После пары рюмок коньяка и трех кусков замечательного ароматного мяса мир мне показался устроенным великолепно. Однако Акимыч решительно встал, взял бананы и изрек:

— Пойдем-ка, Славик, пораскинем мозгой.

И мы перешли в гостиную, служившую одновременно кабинетом.

Евграф Акимыч вынул из кейса (подарок от коллектива к юбилею) две папки. На верхней было крупно выведено: «Дело оперативной проверки» и ниже: «Михальченко А. В.»

— Итак, товарищ Батогов — Шестов, что мы имеем? По учетам Михальченко проверили. В психдиспансере не состоит. По нашим учетам пробросили — чисто. Ну пару раз — в 1979 и 1982 годах — задерживался в гостиницах по подозрению в фарце, тогда же получил предложение работать на нас в обмен на, так сказать, «свободу торговли». Не согласился. Больше не предлагали. В 1990 замечен в контактах с американскими миссионерами. Согласно «делу по профилактике», проведена беседа. Криминала в связях с американцами не замечено. Супруга с 1991 года регулярно посещает собрания евангелистов. Опять же, сам понимаешь, свобода совести у нас нынче. Сам Михальченко предпочитает православие, хотя время от времени захаживает с женой к евангелистам, особенно на эти массовые митинги во всяких дворцах спорта и ДК. Любит мотаться за границу. Ни одна книжная ярмарка не обходится без Михальченко. Да и так просто мир посмотреть не прочь. Ездил с Николаевым и юристом. Вроде заключал какие-то контракты, какие, пока не знаем. По некоторым не проверенным данным есть счета в банках Лондона и Франкфурта. Здесь деньги вкладывает в живопись и иконы. По таможне — чист. У нас пока по нему все. Свою задачу знаешь — подробный социально-психологический портрет: сила, слабости, пороки, связи. Кое-что у нас есть по связям, но ты разберись в этом поподробнее. Теперь по драке: в чем дело? Полез куда-нибудь, не спросясь? Зная тебя, не верю! Скорее всего получил за бабу.

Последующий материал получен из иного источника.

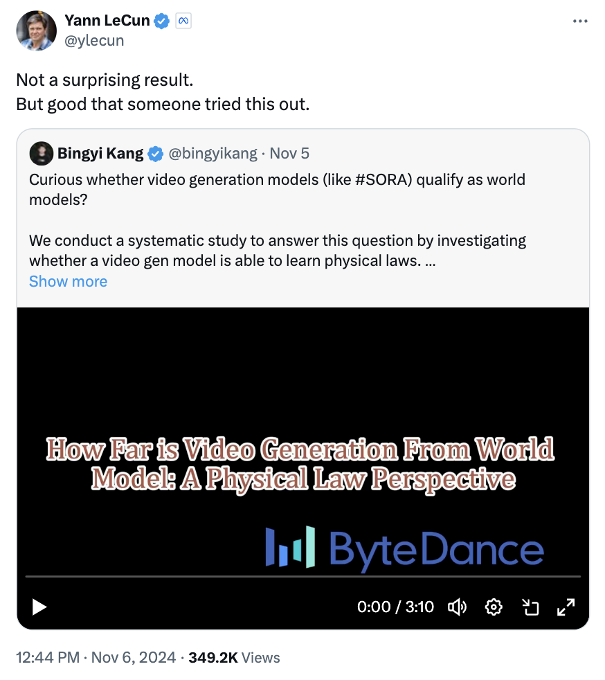 图灵奖得主、Meta首席AI科学家杨立昆点赞并转发了该研究,表示“结论不令人意外,但很高兴终于有人做了这个尝试!”

— Скорее всего, — уныло согласился я. — Не из-за этого же! — И я, показав Акимычу копию факса о доставке сырья, объяснил, что под сырьем в данном случае имеется в виду скорее всего целлюлоза.

— Н-да, пожалуй, что из-за целлюлозы бить не стоило, а коли не она, то стоило бы и вовсе прикончить. — Бумажку он, однако, аккуратно вложил в дело.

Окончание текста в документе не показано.